Giving a different value *AT THE SAME POINT IN TIME* to the very same week, depending on whether it is a deposit or taken for exchange is the issue.

You also do not seem to understand consumer protection laws, which exist in most states with very similar language.  As an example, North Carolina's provides that ''*unfair* or deceptive acts or practices in or effecting commerce are *unlawful*''.  Get that?  unfair = illegal.  RCI is NOT exempt from consumer protection laws.  In fact, it was the New Jersey consumer protection law that they were sued under in the class action (the one where the lawyers took a million dollar payout for themselves to stab their clients in the back).  What matters of course, is what the court determines to be fair or unfair.

Walmart is a retail business not an exchange company, which is not at all applicable to this situation.



ampaholic said:


> I don't see why you are yipping about RCI trying to get as close to 100% utilization as they can.
> 
> It seems like you think they are some kind of utility that has to be accountable to the public in general - they are not - they are a for profit business and if what they are "doing" is not illegal, it is between them and their shareholders and customers.
> 
> Would you complain if Walmart lowered a price on closeout to *less* than what the item "cost" them? Well I got news for you - they do it all the time. Walmart also jacks up the price on some items so they can make a profit and guess what - *they* get to decide which items.
> 
> Get over this notion that RCI should do what *you* consider *fair* - they are only required to do what is _*legal*_.


----------



## Carolinian

When so many values are clearly skewed, with hard to get weeks often underpointed while weeks in overbuilt areas with a glut of inventory are overpointed, they are very clearly playing games with valuations.  Full transparency means doing what they already do on award status - reveal both the formula and the underlying numbers that support it.

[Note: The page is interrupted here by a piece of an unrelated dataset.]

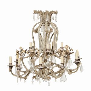 LAMPADARIO, FINE SECOLO XIX in bronzo dorato, finemente lavorato ad imitare tralci di vite e grappoli d’uva [..]
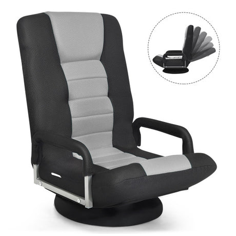 360-Degree Swivel Gaming Floor Chair with Foldable Adjustable Backrest-Gray

What the RCI cheerleading squad seems to have in common is owning in overbuilt, overpointed areas, and that is the reason for the brownnosing tirades in support of anything RCI does.  They clearly like the idea of keeping their gold mine while other timesharers get the shaft.  It makes sense for them to stay in a system where they get more than they deserve, but those on the short end of the stick need to wise up and find a different exchange company or mix of exchange companies.

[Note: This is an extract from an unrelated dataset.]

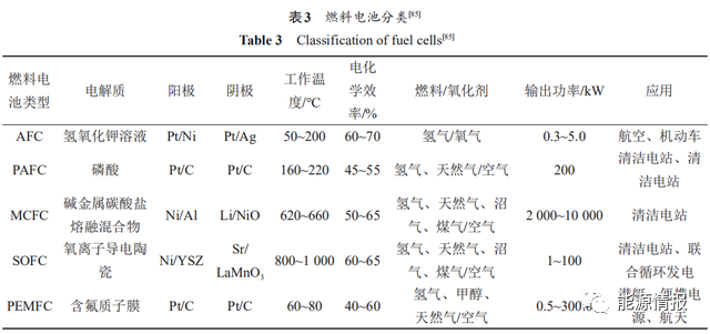 燃料電池是一種可以將燃?xì)馀c氧氣的化學(xué)能轉(zhuǎn)化為電能的發(fā)電裝置,因其不受卡諾循環(huán)效率的限制,故具有很高的能量轉(zhuǎn)化效率?;鞖涮烊粴夤艿肋\(yùn)輸中的氫氣、甲烷、混合氣體均可作為不同種類燃料電池的燃料氣。常見燃料電池類型見表3。本文重點(diǎn)介紹固體氧化物燃料電池(SOFC)和質(zhì)子交換膜燃料電池(PEMFC)。

And they do NOT tell you how many points lite an exchange will take if you do an ongoing search.  The value in the points calculator is not something you can go by as the actual number of points they want for the exchange may well turn out to be different.  So using an ongoing search is a real crapshoot with Points Lite.  RCI can charge you anything they like.




Beefnot said:


> RCI's system is very transparent.  They tell you the TPUs of a deposit and the TPUs of an exchange for a given week. That is transparent.  The differential between the two, or the over-/under- pointing of resorts and locations for that matter, are irrelevant.
> 
> What exactly are you clamoring for? What specifically do you want to see from RCI?  Do you want them to explain the point disparities between weeks and resorts? Will that make you happy? What if you don't like the answer? Do you then embark on a new tirade?


----------



## Carolinian

Blue weeks trading for last minute inventory was never an ''inefficency'' as they were like for like in terms of supply / demand curve.  Neither was South Africa.  The overbuilt overpointed Orlando resort you own at, BY ITSELF, usually has about the same number of weeks availible at RCI as all ~200 SA resorts COMBINED.  RCI employee Bootleg told us that your resort had the largest glut of oversupply in the entire RCI system.  Also, when RCI arbitrarily whacked trading power of SA in Points Lite for members outside of SA who owned in SA, they DID NOT do so for SA owners who live in SA.  That tells you that it is corporate flim-flam, not a reflection of the market.  In an honest and fair system, why should the trading power of ANY week depend on where the owner of it lived?



vckempson said:


> I might add that sooner or later, the market reduces or eliminates known inefficiencies.  That happened with Blue weeks, South African timeshares, Wyndhams 28k point deposits for RCI weeks, and countless others.  As more and more capitalize on *known* inefficiencies, it clears them out.  That's why so many are guarded about their very best strategies.  Eventually, though, enough will know them and it will disappear, just like it always has.
> 
> That's why some see it as pure folly to buy something for the purpose of trading.  Au contraire.  There will almost *ALWAYS* be inefficiencies.  Here at TUG, we know better than the most how to prick and poke and prod the system to find them.   You just have to be flexible enough and ready to change strategies when necessary.


----------



## Carolinian

How is that an ''exchange''?  Did you trade them in at the shop for other clothes? It does not appear so.  You are just hiring an agent to sell for you things you no longer want.  That is NOT an exchange transaction.




MichaelColey said:


> If you'd rather than an analogy that includes exchanges, I'll give one (that I may have given here before -- I can't remember).  A couple months ago, my wife cleaned out a bunch of kids clothes that didn't fit any more and took them to a resale shop.  The resale shop goes through the clothes, decides what they would take and what they wouldn't, and what price they would sell it at.  If you would like to sell it to them, they'll give you 20% of that value in cash or 40% of the value in store credit.  We sold them everything they would take, and took store credit.  The store owner never told us how she determines what to take, how she prices it, or how she can justify just giving us a fraction of what she'll sell it for.  We didn't care about any of that, just what she was willing to give us and what we could get for it.


----------



## e.bram

i agree with Caro. Walmart is a dumb analogy. You don't go into Walmart, give them your money(deposit TS unit) and see waht they will give you in exchange. With II at least you can look first before you deposit your TS.


----------



## Beefnot

e.bram said:


> i agree with Caro. Walmart is a dumb analogy. You don't go into Walmart, give them your money(deposit TS unit) and see waht they will give you in exchange. With II at least you can look first before you deposit your TS.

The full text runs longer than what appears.